RECORDED INFORMATION:
· · · · ·

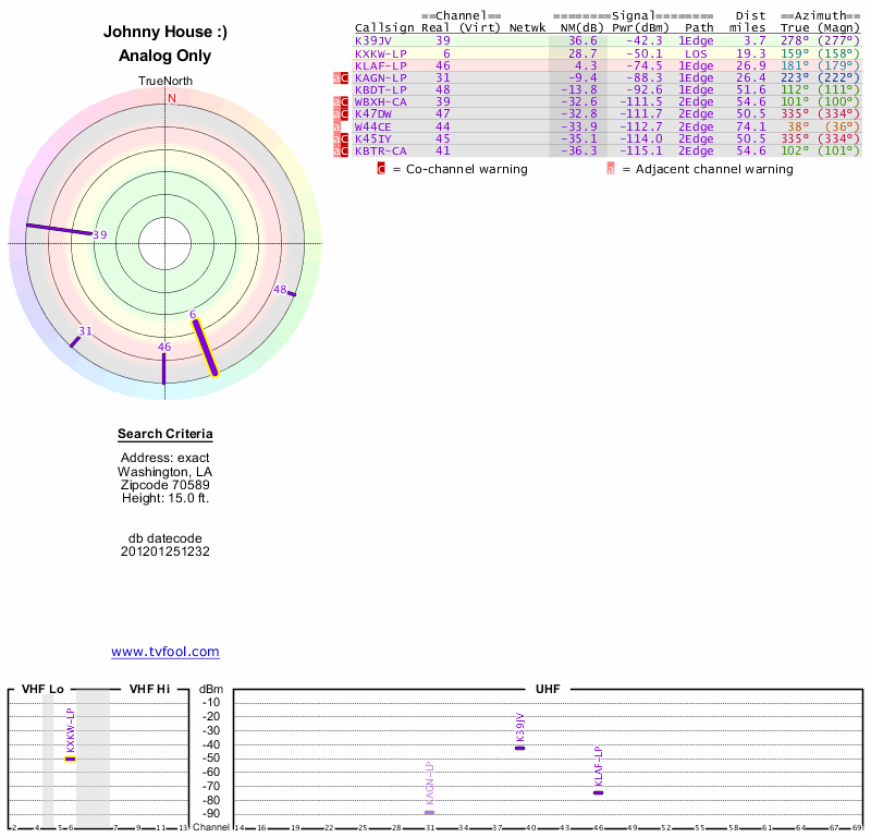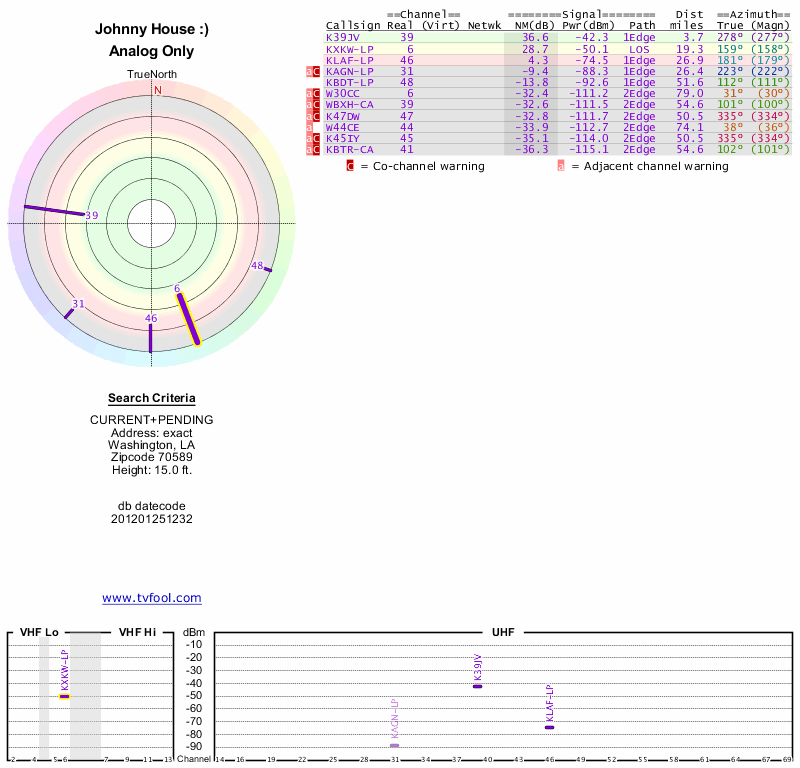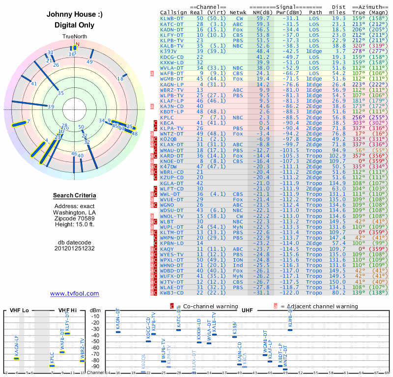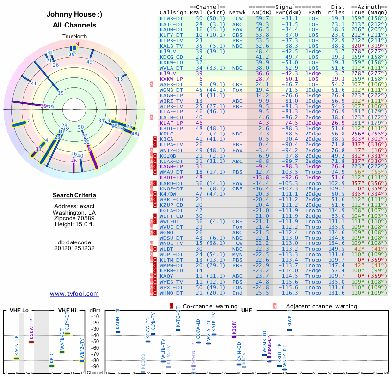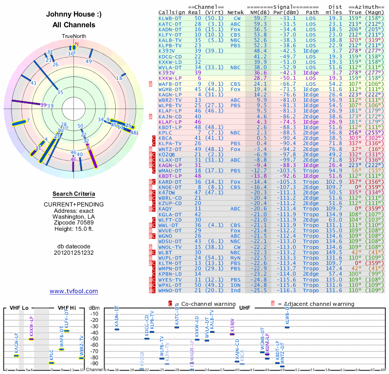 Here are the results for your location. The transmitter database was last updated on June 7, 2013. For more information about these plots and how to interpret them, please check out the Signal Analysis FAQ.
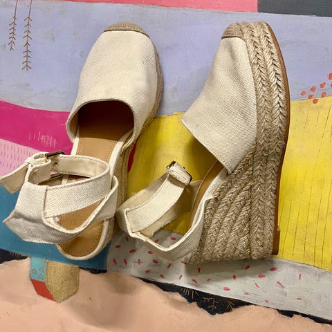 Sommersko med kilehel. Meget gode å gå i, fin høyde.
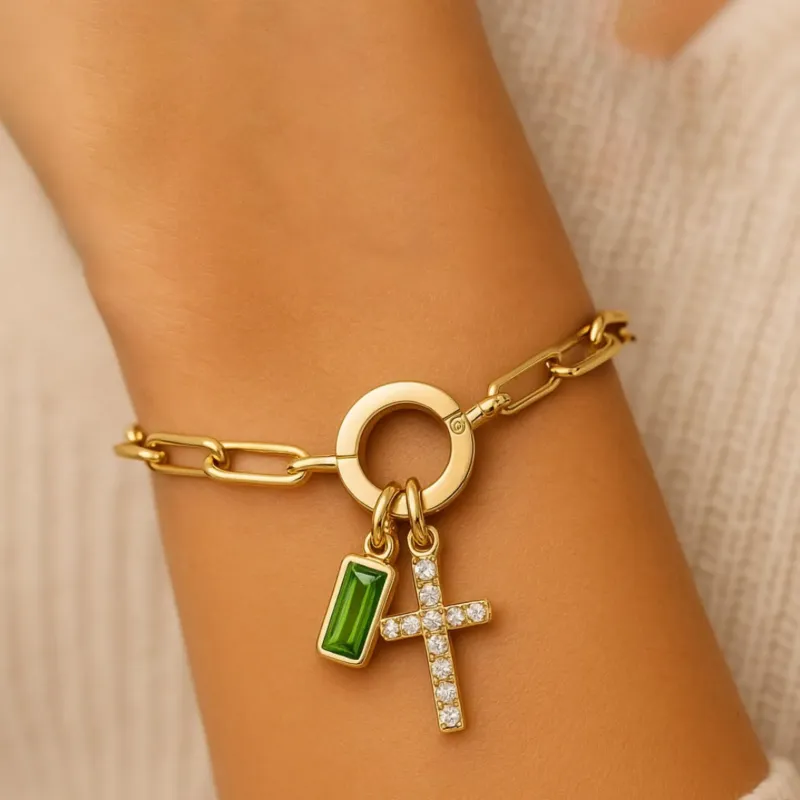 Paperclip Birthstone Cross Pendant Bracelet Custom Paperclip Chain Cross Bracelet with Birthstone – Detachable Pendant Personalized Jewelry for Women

· · · · ·

WHAT IS NEEDED: Print each line from the one containing "Sommersko med kilehel." through the last line of the listing, both included, exactly and with no pictures.

OUTPUT OF THE TASK:
 Sommersko med kilehel. Meget gode å gå i, fin høyde.
 Paperclip Birthstone Cross Pendant Bracelet Custom Paperclip Chain Cross Bracelet with Birthstone – Detachable Pendant Personalized Jewelry for Women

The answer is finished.